С момента принятия биопсихосоциальной модели многое изменилось. В современных доказательных исследования с помощью методов геномики, прижизненной визуализации функций специализированных систем мозга и соматических систем, омиксных технологий убедительно верифицируется патогенетические эффекты психосоциальных, психических и эмоциональных факторов на соматические системы, их вклад в нарушение психосоматических взаимоотношений и возникновение соматических заболеваний. Также изменился и дополнился список психосоматических расстройств за счет таких патологических состояний, как паническое расстройство, бессонница, рак, инфаркт миокарда, инсульт, функциональное расстройство кишечника, неспецифический язвенный колит, синдром раздраженного кишечника, сексуальные расстройства, ожирение, расстройства пищевого. Как экстремальное выражение данного подхода - психологический и эмоциональный факторы осуществляют ключевой вклад в возникновение большинства соматических заболеваний.

Биопсихосоциальная модель сегодня обеспечивает основу для интеграции биологических, психологических, поведенческих, психосоциальных и социальных факторов в медицине.

Поэтому неслучайно Всемирная организация здравоохранения (ВОЗ) осознанно основала свою Международную классификацию функционирования, инвалидности и здоровья (International Classification of Function, - ICF, 2002) на биопсихосоциальной модели. Согласно Уставу ВОЗ, «…здоровьем является состояние полного физического, душевного и социального благополучия, а не только отсутствие болезней и физических дефектов».

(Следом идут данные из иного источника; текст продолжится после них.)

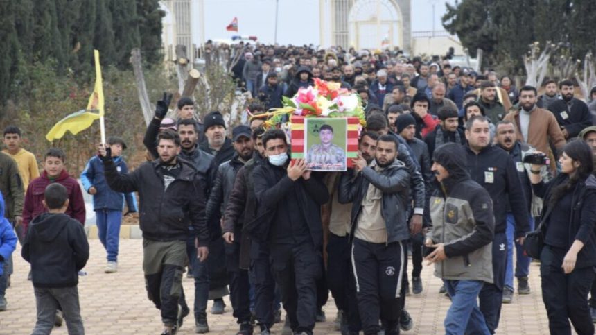 Şêniyên bajarê Dirbêsiyê yê kantona Cizîrê, endamên sazî û meclisan li Goristana Şehîd Rustem Cûdî ya gundê Berkevirê kom bûn û cenazeyê şervanê Hêzên Komandos ên Hêzên Sûriya Demokratîk (QSD) şehîd Demhat Dirbêsiyê (Heyder Ehmed El Xizêm) veşartin. Demhat Dirbêsiyê di 21ˋê Kanûnê de di bersivdana êrişên dewleta Tirk a dagirker û çeteyên wê li dijî bajarokê Sirînê yê başûrê Kobanê de şehîd bû.
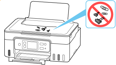 Leg geen voorwerpen op de documentklep. Deze kunnen in de achterste lade vallen wanneer de documentklep wordt geopend en ertoe leiden dat de printer niet meer naar behoren werkt. Zorg er ook voor dat u de printer op een locatie plaatst waar geen objecten in het apparaat kunnen vallen.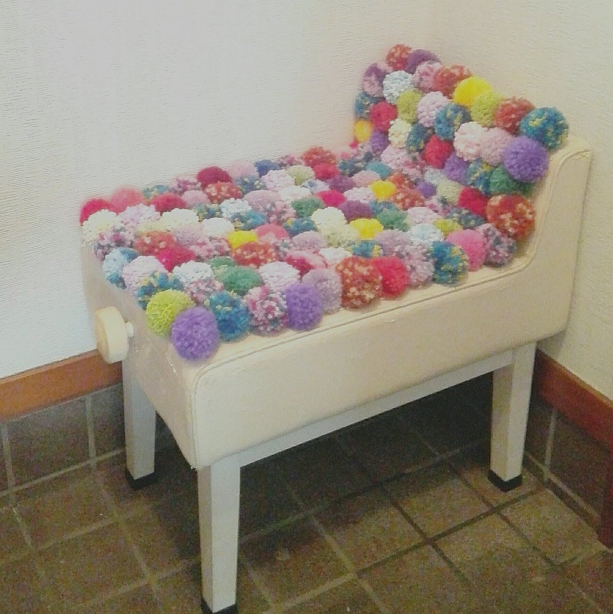 えにし على تويتر もらった毛糸でポンポンを作り続けて マットできた 玄関のヒッポ イス にぴったり 手作りマット 毛糸ポンポン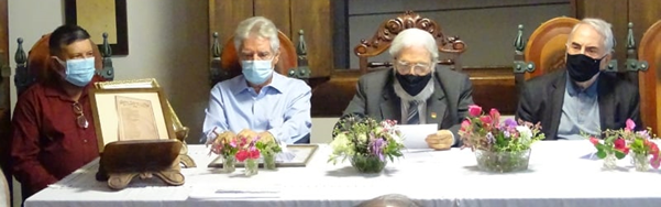 A partir da esq., Giácomo Constanti (representante do prefeito municipal), Ronaldo Carvalho – novo presidente da Alca, José Antônio Justino Ribeiro – presidente que deixa o cargo e José Francisco Rezek – membro correspondente da Academia.

  • Своевременность психосоматической медицины

За последние десятилетия произошли серьезные изменения в потребностях здравоохранения. Хронические заболевания становятся основной причиной инвалидизации, потребляя при этом почти 80% расходов здравоохранения на медицинские услуги. Между тем, нынешняя медицинская помощь все еще во многом концептуализируется как обработка продукта с пациентами в качестве клиентов, которые, в лучшем случае, могут лишь выбирать среди предлагаемых услуг. Между тем, продукт здравоохранения явно подразумевает здоровье, а пациент является одним из его производителей, а не только потребителем медицинских услуг. Эффективное производство здоровья зависит от общего перехода пациентов от их традиционных ролей в качестве пассивных, а иногда и враждебно настроенных потребителей, к тому, чтобы стать производителями здоровья вместе с медицинскими профессионалами.

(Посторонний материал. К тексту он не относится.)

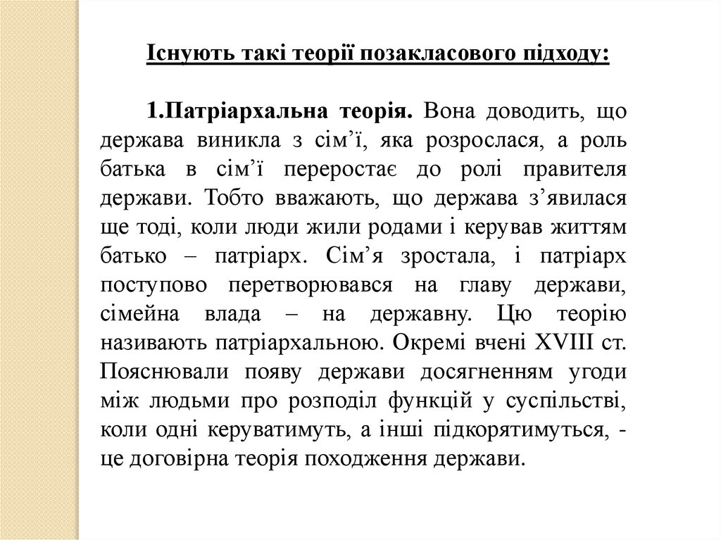 Існують такі теорії позакласового підходу:1.Патріархальна теорія. Вона доводить, що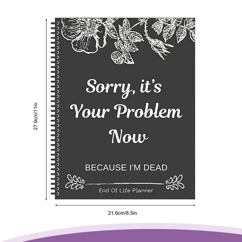 - 🖊️Humorous and Practical: The 'Sorry, It's Your Problem Now, Because I'm Dead' end of life planner combines humor with practicality, helping you organize your final arrangements with a light-hearted touch.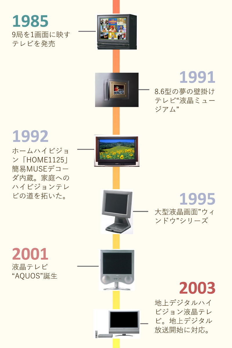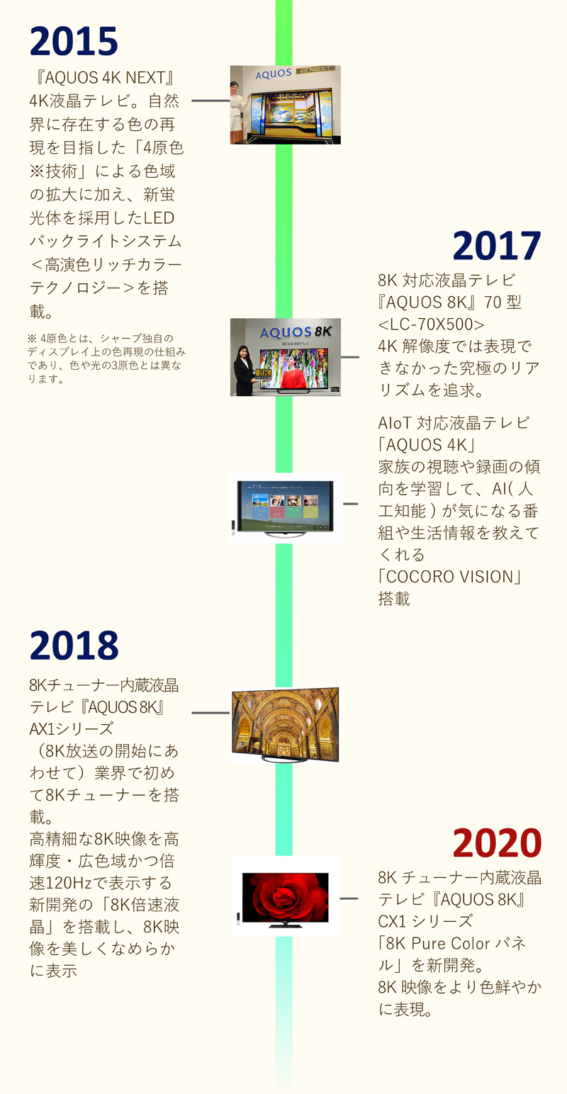 当社は長い歴史の中でさまざまなテレビを開発してきました。そしてこれからの時代は超高精細映像技術である8Kと、高速・大容量の通信技術である5Gを組み合わせることで、まったく新しい生活を提案していきたいと考えています。

Симптомы, необъяснимые с медицинской точки зрения, возникают у 30–40% таких пациентов, увеличивая затраты в связи с необходимостью привлечения дополнительных медицинских услуг. Традиционные медицинские специальности, основанные, главным образом, системах органов (кардиология, гастроэнтерология и др.), кажутся все более и более неадекватными для коррекции симптомов и проблем, которые затрагивают различные органы и системы и требуют целостного подхода. Ни хроническое соматическое, ни невротическое расстройство невозможно адекватно лечить в нынешних условиях общей практики, когда типичный пациент должен быть осмотрен в течение 10–15 минут. А чрезмерный акцент на фармакологическом лечении приводит к опасному редукционизму, который игнорирует тот факт, что терапевтическая эффективность является результатом применения нескольких ингредиентов, - как специфических, так и неспецифических.

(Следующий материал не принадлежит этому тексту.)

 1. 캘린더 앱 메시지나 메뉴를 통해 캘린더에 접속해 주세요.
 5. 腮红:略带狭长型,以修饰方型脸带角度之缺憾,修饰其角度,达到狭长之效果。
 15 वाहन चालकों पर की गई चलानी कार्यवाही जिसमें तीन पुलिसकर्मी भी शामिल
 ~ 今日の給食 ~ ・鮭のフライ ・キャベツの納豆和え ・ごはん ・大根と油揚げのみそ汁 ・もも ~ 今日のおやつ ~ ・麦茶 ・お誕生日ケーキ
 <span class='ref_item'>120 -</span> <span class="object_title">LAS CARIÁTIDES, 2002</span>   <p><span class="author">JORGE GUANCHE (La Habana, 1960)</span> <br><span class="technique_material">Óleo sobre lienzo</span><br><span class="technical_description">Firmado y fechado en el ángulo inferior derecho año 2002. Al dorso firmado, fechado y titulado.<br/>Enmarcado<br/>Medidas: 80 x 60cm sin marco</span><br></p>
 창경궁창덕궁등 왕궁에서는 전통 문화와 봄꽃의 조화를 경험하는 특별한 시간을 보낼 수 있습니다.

Требования времени диктуют насущную необходимость учитывать в клиническом уходе за пациентом полноценность его функционирования в повседневной жизни, продуктивность, выполнение социальных ролей, интеллектуальные способности, эмоциональную стабильность и благополучие. Пациенты все большим энтузиазмом осознают эту потребность, а развивающийся междисциплинарный психосоматический подход в современных клиниках и их реабилитационных отделениях - практическое следствие такого осознания.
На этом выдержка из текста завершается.